The death and resurrection of Jesus are the unmasking of evil.

Saturday, 5 September 2009

Affirming Liberalism

Check out the two podcasts at 'Affirming Liberalism', particularly the one by Martyn Percy. He argues that churches grow, not by having the right theology (whether Evangelical, Liberal, Emergent), but by getting the simple things right (a warm welcome, relaxed environment, good music and children's work). It gave me hope that an alternative to the churches is possible. What do other people think of his podcast?

Thursday, 3 September 2009

The Parable of the Lost Sons

There was a man who had two sons. The younger one said to his father, Father, give me my share of the estate. So he divided his property between them.

Not long after that, the younger son got together all he had, set off for a distant country and there squandered his wealth in wild living. After he had spent everything, there was a severe famine in that whole country, and he began to be in need. So he went and hired himself out to a citizen of that country, who sent him to his fields to feed pigs. He longed to fill his stomach with the pods that the pigs were eating, but no one gave him anything.

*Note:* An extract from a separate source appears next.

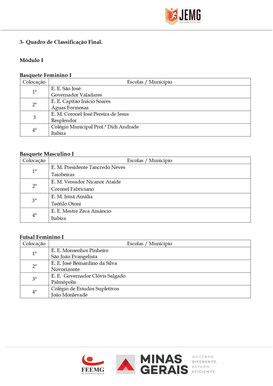 Foi finalizada a etapa regional do JEMG em Caratinga. Confira a lista da classificação final das partidas:

When he came to his senses, he said, how many of my father's hired men have food to spare, and here I am starving to death! I will set out and go back to my father and say to him: Father, I have sinned against heaven and against you. I am no longer worthy to be called your son; make me like one of your hired men.' So he got up and went to his father.

But while he was still a long way off, his father saw him; he ran to his son, raised his hand then stopped himself, he tore his robe and began to weep.The son said to him, Father, I have sinned against heaven and against you. I am no longer worthy to be called your son.

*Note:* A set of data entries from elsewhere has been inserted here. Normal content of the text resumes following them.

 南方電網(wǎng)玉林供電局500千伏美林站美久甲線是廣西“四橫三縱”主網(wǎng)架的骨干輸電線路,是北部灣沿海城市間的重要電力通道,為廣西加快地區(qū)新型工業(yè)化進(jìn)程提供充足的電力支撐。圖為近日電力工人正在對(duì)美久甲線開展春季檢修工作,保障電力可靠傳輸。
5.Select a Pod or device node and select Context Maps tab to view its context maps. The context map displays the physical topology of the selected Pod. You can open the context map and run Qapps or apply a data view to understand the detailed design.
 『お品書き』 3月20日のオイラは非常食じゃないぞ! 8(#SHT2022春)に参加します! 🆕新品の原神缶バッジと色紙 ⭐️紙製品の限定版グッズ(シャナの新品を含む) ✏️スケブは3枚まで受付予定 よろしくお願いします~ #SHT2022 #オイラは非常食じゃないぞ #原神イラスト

So the father said to his servants, Quick! Bring the best robe and put it on him. Put a ring on his finger and sandals on his feet.

But first, said the father *, bring the fattened calf and kill it. No, wait, that is not enough. Before we feast and celebrate this son of mine who was dead and is alive again there is one more thing to be done.

The older son was in the field. When he was brought near the house, he heard loud wailing. So he called one of the servants and asked him what was going on. Your brother has come, he replied, and your father wants to see you.

When the older brother realised his father’s intention he became distraught and refused to go in. So his father went out and pleaded with him. But he answered his father, Look! All these years I've been slaving for you and never disobeyed your orders. You never even had to sacrifice a young goat for me. But when this son of yours who has squandered your property with prostitutes comes home, you kill for him!

My son, the father said, this is the way of the world.

* Some early manuscripts include the phrase ‘with a grievous sigh’ others record ‘with a solemn determination’

The real story is here

Tuesday, 1 September 2009

Beer AND Hymns

If you came from Homebrewed Christianity then Chad nearly got it right - it's beer & hymns... click to find out more from the Jesus Arms and thanks to Eliza for getting this video up so quick - you know you want to be at Greenbelt next year. Tripp and Chad - your tickets will be on the door my friends and perhaps a deacon discount should be arranged?

If you didn't come via the brew boys latest podcast feat us in the intro and then the man LeRon Shults... you should have

Proper festival reflections including the Gooder, Bell and Ugly after I pick up my laptop bag inc ipod etc that I left in Subway in Cheltenham - doooooohhhhhhhhh!

If you were there - what was your Good Bad and Ugly of Greenbelt 09?